Corriere della Sera, 30 dicembre 2014
«Suggerisci un modo per uccidere quel maiale del pilota giordano». L’Isis fa un sondaggio sui social media per sapere quali torture infliggere al prigioniero prima di ammazzarlo e in poche ore, da Twitter, riceve undicimila risposte. C’è chi preferisce decapitarlo, chi vorrebbe bruciarlo vivo, chi lo schiaccerebbe con un trattore, chi non disdegna d’impalarlo…
Scegliete voi: come l’ammazziamo? L’ultima frontiera dell’Isis e del web è un bel referendum sui social media: decidere democraticamente quale tortura infliggere a un prigioniero di guerra. Una forca di follower. «Suggerisci un modo per uccidere quel maiale del pilota giordano», è l’hashtag che lo Stato islamico ha twittato. Per raccogliere nel mondo islamico i consigli dai più creativi dei boia. E tutt’insieme barbaramente condividere il destino di Muadh al Kaseasbeh, 27 anni, il tenente colonnello catturato dal Califfato dopo che era precipitato in Siria col suo F-16. Pollice alzato o pollice verso? In nome del popolo degli user, il giudizio sarà veloce e sommario come nei circhi gladiatori: un «mi piace» da cliccare sull’agorà digitale. Rispondono, eccome se rispondono. Undicimila in poche ore. E nessun dubbio sul fatto che il giordano vada ucciso: stava bombardando una fabbrica di Raqqa per conto della coalizione filoccidentale. Semplicemente, si dibatte sul come: chi preferisce decapitarlo, chi vorrebbe bruciarlo vivo, chi lo schiaccerebbe con un trattore, chi non disdegna d’impalarlo…
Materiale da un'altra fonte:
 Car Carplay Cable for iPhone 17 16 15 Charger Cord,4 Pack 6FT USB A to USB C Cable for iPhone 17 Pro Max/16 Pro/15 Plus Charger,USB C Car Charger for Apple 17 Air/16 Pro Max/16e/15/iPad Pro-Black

Terrorismo partecipativo. Il quesito su Twitter è partito ieri ed è la risposta dell’Isis a una campagna di tipo umanitario, #BringHimHome (portatelo a casa), che da qualche giorno stava raccogliendo adesioni dal Marocco all’Egitto, dal Golfo alla Libia, in prima fila un messaggio solidale della regina Rania di Giordania e del segretario dell’Onu, Ban Ki-moon. Le immagini di Muadh terrorizzato e sanguinante, nudo dalla cintola in giù, trascinato dai tagliagole fuori dalle acque dell’Eufrate, avevano scosso l’opinione pubblica araba. Tutti commossi dall’appello video del padre: «Mio figlio è un buon musulmano, è appena tornato dalla Mecca. Ai nostri generosi fratelli dello Stato islamico chiedo di trattarlo con ospitalità generosa…».
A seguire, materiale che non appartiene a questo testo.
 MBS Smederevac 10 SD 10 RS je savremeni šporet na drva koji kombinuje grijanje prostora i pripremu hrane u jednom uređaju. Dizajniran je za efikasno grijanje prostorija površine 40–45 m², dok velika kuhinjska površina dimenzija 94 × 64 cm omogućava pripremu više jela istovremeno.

Quest’onda emotiva, una mobilitazione di coscienze nel mondo arabo che finora non s’era mai vista per gl’infedeli ostaggi occidentali, ha sorpreso e irritato i seguaci d’Al Baghdadi, spingendo l’ala più dura a indire il web referendum. L’Isis è spaccato sul da farsi. Da una parte ci sono i ceceni, favorevoli all’uccisione dell’ostaggio, né più né meno quel che s’è già fatto con tanti soldati curdi o di Assad. Dall’altra ci sono gli arabi, in contatto coi capi tribù sunniti della provincia di Al Anbar che i servizi segreti giordani hanno mandato a negoziare: in cambio di Muadh, l’offerta è il rilascio d’uno sceicco salafita detenuto ad Amman. «Siamo fiduciosi, il nostro coraggioso pilota sarà presto rilasciato», ha detto una fonte d’intelligence al quotidiano Al Rai.
Le trattative sono in corso. Ma la battaglia per liberare il prigioniero dalla rete in cui è finito, adesso, s’è spostata nella Rete. #WeAreAllMuadh (siamo tutti con lui) contro #WeAllWantToSlaughterMuadh (lo vogliamo tutti macellare). E Muadh laggiù, incatenato, ad aspettare il clic definitivo: d’un mouse o d’una pistola.